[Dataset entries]
----------
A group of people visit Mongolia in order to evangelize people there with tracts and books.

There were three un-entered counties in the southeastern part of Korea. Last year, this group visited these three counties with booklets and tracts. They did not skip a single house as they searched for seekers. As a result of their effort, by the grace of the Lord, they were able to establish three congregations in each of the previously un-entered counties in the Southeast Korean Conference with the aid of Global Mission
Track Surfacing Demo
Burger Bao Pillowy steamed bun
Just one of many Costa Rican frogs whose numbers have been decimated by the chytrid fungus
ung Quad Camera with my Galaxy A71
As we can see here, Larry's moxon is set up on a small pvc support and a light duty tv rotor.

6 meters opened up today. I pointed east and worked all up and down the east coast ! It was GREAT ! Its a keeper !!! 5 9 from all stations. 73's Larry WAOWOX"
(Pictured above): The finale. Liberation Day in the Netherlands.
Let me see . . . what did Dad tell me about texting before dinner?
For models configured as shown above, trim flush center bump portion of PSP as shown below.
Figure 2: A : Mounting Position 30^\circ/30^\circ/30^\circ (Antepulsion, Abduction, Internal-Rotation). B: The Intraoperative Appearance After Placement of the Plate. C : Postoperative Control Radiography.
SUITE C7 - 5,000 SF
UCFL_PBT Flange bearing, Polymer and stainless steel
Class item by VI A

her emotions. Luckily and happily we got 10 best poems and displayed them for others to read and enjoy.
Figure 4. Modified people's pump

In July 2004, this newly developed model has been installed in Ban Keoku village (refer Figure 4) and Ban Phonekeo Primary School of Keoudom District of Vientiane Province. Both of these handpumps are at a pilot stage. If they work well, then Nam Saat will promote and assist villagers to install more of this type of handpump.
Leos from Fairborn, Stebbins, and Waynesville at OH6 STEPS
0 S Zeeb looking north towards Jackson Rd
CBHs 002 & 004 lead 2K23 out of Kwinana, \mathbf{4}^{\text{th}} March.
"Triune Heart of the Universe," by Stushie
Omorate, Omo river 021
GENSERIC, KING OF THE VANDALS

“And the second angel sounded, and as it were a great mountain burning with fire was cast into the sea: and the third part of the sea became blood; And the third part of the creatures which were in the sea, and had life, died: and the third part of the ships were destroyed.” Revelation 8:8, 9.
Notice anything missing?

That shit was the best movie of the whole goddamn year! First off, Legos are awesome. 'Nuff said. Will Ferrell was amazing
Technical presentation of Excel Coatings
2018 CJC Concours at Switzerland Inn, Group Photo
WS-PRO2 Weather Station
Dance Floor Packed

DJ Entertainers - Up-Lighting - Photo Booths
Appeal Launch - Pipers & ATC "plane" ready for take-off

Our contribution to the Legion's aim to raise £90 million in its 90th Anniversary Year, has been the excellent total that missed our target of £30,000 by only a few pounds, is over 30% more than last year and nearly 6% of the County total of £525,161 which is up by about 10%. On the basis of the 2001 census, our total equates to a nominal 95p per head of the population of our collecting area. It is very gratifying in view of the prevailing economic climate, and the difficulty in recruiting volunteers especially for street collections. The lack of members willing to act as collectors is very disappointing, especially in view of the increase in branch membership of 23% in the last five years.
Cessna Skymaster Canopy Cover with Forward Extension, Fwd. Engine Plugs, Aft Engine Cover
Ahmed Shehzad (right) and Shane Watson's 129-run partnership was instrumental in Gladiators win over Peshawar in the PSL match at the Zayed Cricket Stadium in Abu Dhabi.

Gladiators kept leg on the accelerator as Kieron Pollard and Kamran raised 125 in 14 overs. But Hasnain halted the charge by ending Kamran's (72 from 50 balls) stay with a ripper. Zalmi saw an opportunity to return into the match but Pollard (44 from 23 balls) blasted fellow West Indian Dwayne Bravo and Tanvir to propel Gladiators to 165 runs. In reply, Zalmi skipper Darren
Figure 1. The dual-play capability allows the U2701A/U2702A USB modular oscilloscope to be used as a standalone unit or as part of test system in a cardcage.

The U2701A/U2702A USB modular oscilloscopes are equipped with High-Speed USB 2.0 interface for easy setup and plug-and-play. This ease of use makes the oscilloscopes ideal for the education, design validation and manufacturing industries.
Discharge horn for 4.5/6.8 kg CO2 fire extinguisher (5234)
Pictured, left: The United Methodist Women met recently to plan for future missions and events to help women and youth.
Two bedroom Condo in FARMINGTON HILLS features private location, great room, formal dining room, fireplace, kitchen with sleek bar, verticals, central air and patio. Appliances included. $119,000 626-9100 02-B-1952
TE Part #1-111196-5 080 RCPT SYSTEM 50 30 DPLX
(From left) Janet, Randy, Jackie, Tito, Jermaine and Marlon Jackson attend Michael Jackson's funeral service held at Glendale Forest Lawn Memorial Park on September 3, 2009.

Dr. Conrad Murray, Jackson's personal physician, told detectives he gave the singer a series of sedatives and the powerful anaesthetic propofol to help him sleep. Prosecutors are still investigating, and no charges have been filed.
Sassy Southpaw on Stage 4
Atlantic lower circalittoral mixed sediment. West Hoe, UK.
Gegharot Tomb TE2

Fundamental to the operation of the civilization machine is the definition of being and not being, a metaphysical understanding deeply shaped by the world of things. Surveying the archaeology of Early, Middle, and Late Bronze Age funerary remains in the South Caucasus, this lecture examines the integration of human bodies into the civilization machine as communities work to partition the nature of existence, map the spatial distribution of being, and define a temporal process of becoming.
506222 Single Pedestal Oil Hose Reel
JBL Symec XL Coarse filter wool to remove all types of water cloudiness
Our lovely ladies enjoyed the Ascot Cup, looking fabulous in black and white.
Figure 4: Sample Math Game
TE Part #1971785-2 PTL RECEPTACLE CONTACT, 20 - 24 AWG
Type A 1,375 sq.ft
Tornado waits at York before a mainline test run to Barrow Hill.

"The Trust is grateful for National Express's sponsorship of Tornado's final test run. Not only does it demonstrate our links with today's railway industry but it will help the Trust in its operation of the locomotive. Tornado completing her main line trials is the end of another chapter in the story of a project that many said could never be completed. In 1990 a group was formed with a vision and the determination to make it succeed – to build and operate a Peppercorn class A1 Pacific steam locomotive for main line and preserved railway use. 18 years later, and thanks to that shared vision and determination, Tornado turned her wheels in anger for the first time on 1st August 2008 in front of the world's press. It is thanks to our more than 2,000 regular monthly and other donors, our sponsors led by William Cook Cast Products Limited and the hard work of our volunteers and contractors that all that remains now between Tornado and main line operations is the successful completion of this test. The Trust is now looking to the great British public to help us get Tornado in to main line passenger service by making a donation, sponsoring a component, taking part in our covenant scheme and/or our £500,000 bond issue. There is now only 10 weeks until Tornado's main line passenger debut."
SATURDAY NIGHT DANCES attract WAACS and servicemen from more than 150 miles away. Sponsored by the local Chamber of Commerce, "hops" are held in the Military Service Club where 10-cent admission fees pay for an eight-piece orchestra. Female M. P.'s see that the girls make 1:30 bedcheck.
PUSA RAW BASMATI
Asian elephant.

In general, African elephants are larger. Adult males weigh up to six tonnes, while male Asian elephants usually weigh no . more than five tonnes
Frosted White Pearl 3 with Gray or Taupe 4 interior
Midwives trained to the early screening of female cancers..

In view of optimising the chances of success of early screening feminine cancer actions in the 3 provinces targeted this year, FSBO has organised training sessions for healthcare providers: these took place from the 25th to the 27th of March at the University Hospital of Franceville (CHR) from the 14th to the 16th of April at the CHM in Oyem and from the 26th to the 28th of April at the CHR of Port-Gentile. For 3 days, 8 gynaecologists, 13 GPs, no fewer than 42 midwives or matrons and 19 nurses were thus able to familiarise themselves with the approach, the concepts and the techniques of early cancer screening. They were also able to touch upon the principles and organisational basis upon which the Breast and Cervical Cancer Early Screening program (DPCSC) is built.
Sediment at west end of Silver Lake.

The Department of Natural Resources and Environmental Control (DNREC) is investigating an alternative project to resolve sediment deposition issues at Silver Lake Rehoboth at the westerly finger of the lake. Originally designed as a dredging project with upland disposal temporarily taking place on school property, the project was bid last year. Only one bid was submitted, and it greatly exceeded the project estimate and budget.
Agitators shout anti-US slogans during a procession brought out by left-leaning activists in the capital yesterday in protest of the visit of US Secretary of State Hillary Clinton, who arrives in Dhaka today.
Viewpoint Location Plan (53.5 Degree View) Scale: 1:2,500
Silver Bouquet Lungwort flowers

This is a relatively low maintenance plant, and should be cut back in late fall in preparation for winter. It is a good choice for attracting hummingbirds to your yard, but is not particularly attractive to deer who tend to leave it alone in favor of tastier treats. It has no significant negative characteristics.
----------
Using the records above, report the count of lines holding "Larry" and nothing else.

**RESPONSE TO THE EXERCISE**
2